Now I wonder what the next deadline should be. It would seem that pulling out of Iraq would leave the country more in danger. I know the Democrats want to do a 'get out of Iraq now' scenario, but where were they when it counted? Where were they when Kerry refused to make it an election issue along with most of the Democrats running for office? It is a little too late now, and now, they need to provide a safe alternative for not only the people in Iraq (whom we owe this big time), but for the tired US soldiers. Give this country a sound plan people, pulling out of Iraq would put the Iraqis in greater peril.

4 Comments:

Blogger tooners said...

honestly, i think pulling out of iraq is a good thing. it needs to be done. we're not doing any good and doing the ppl or iraq any good by staying. most ppl want us out of there. and honestly, to stay, it won't do any good. the war/killings that are happening there now will continue to happen whether we're there or not. it has nothing to do w/ America. it may have started like that, but it's not about that now.

what do you 'really' think the U.S. can do by staying? do you seriously think the U.S. can do anything for that country other than help rebuild it? which can be done from outside the country. troops don't need to stay.

3:11 AM  
Blogger Jeremiah Bullfrog said...

I jez want ta point out that in your so-called "media", not one time wuz thar a mention of that thar Jon Binet killer that ate them shrimps on the plane....

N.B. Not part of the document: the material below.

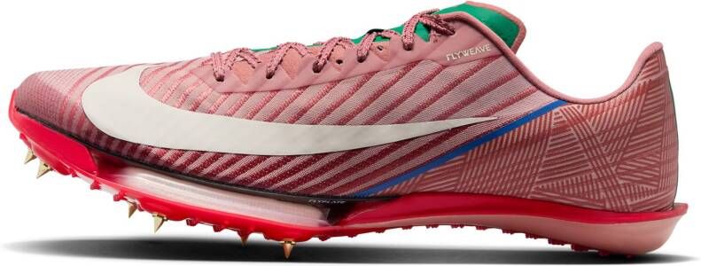 De Maxfly 2 is gemaakt voor de snelsten ter wereld en staat weer in de startblokken. Hij is ontworpen voor de 100 tot 400 meter (ook horden) en combineert een ultra-agressief gevoel met de responsiviteit van een Air Zoom unit zodat de snelste sprinters ter wereld vooruit vliegen. Dit speciale design is genspireerd op The Armory in New York, waar atleten van alle niveaus welkom zijn in de blokken. Behind the Design:Het bovenwerk heeft dezelfde kleur als de atletiekbaan The Armory. Het groen doet denken aan het middenterrein van The Armory. Het blauw verwijst naar de warming-upzone. De rode accenten zijn gebaseerd op het logo van The Armory. De gekruiste print verwijst naar het iconische plafond., Flyweave constructie:Nike Flyweave constructie op het bovenwerk zorgt voor een stevige pasvorm die zich aanpast aan verschillende voetvormen., Flyplate van koolstofvezel:De vorm en stijfheid van de Flyplate van carbon houden je scherp en zorgen voor minimale vertraging., Zoom, Zoom:De Air Zoom unit in de voorvoet heeft twee compartimenten voor veerkracht en stabiliteit van start tot finish., Wat is er nieuw aan de Maxfly 2?:De Flyplate is lichter en responsiever dan de Maxfly, en de vorm en stijfheid van de Flyplate geven je een stuwend gevoel. De middelste spike van Maxfly is verwijderd en het verhoogde platform bij de grote teen zorgt ervoor dat de spikes stabieler aanvoelen.

You call that news coverage? I dont thank so...
I'll jez stick ta my American media thank you vary much...They tell the important stories...

Shrimps...I caint believe it!


I goin back to th' bunker now...

9:46 AM  
Blogger betmo said...

yes- the american corporate media is very lacking. thanks for a heads up to the cbc.

2:24 PM  
Blogger Ingrid said...

Tooners, perhaps you're right. I have been thinking of a changed mandate for them, and a clearer picture, alongside peacekeeping troops from other nations. Kind of a compromise between those who don't want them to leave for fear of their egos being bruised (what will the whole world think kinda thing) plus forgin a clearer mandate of what they are to do. That could include a diminished US troops presence and capacity, patrolling and protecthing smaller designated areas. I am not hell bent on an American presence (which is the main reason for the Bushies) but my main concern is the Iraqi people. The troops might not seem to make a lot of difference, but I think leaving a vacuum will make things a whole lot worse. So pulling out but not filling the vacuum does not seem like a safe course of action. But, I could be wrong!
Jeremiah..shrimps are not exactly mainstaple Canadian fare, they must have overlooked it..sorry!
Betmo, are you close enough to the Canadian border to receive Canadian tv? When I lived in Ottawa, I could watch the NY state public television and they would at the end of their programming, not only play the American anthem, but the Canadian one since they had plenty of Canadian viewers.